**PROBLEM TO WORK ON:** What you return must be the data below, word for word, without any images.

**GIVEN DATA:**
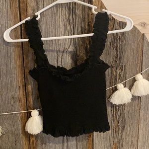 Black chinches top with ruffle sleeve detailing. Never worn. NWOT
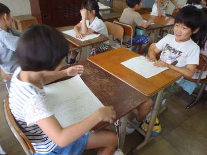 お話を読んで好きな文を選び,文の中の一部分を変えてクイズをつくりました。
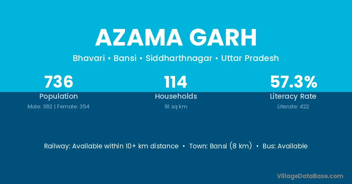 Bansi (8 km) is the nearest town to Azama Garh village for major economic activities and is located approximately 8 km away.
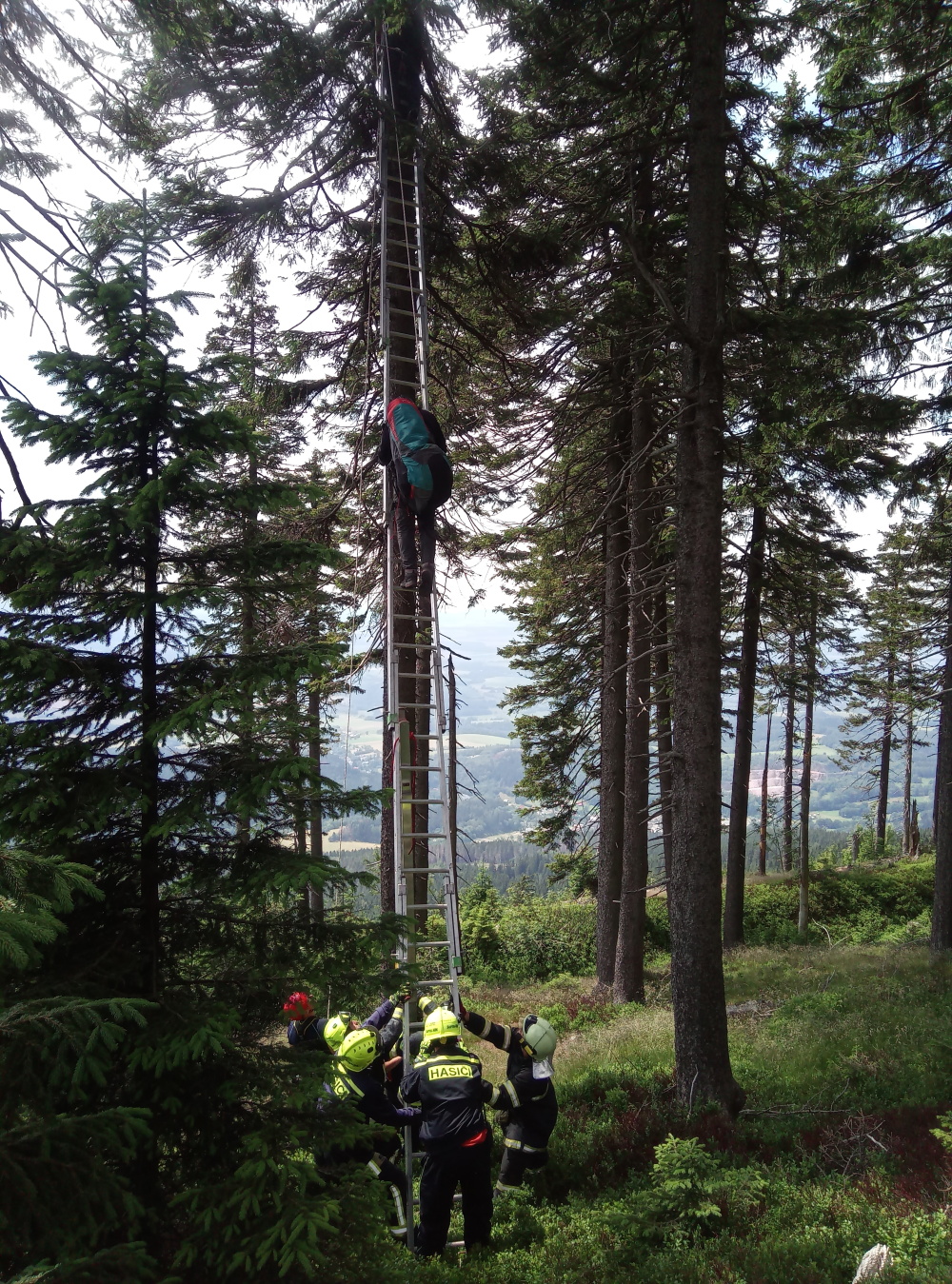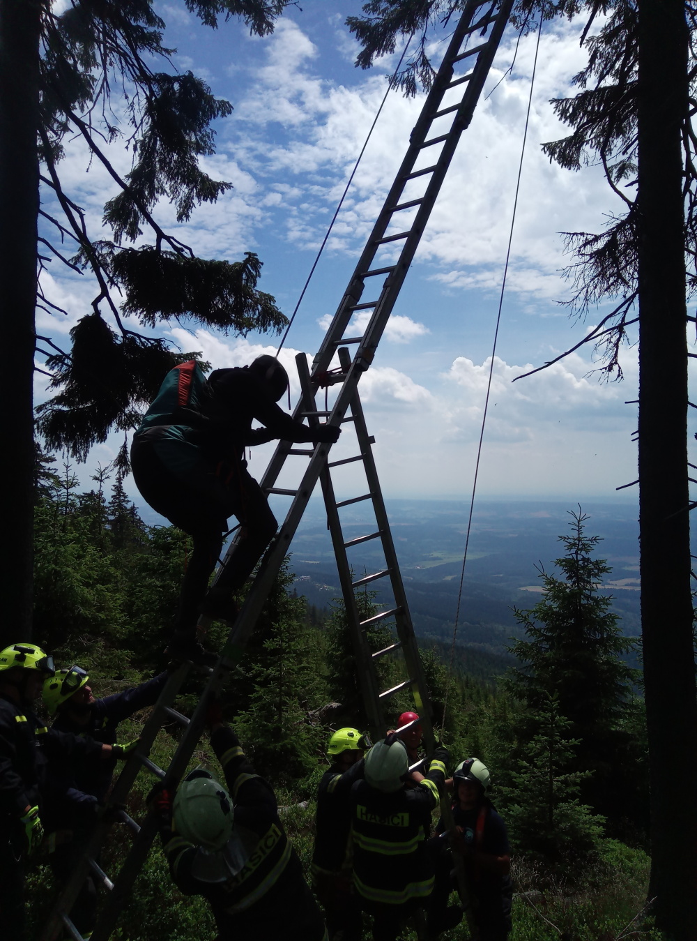 Dvě jednotky hasičů, profesionální ze stanice Trutnov a dobrovolná z Horního Maršova, vyjely na pomoc paraglidistovi, který skončil na Černé hoře v Krkonoších v korunách stromů.

**THE ANSWER:**
 Black chinches top with ruffle sleeve detailing. Never worn. NWOT
 お話を読んで好きな文を選び,文の中の一部分を変えてクイズをつくりました。
 Bansi (8 km) is the nearest town to Azama Garh village for major economic activities and is located approximately 8 km away.
 Dvě jednotky hasičů, profesionální ze stanice Trutnov a dobrovolná z Horního Maršova, vyjely na pomoc paraglidistovi, který skončil na Černé hoře v Krkonoších v korunách stromů.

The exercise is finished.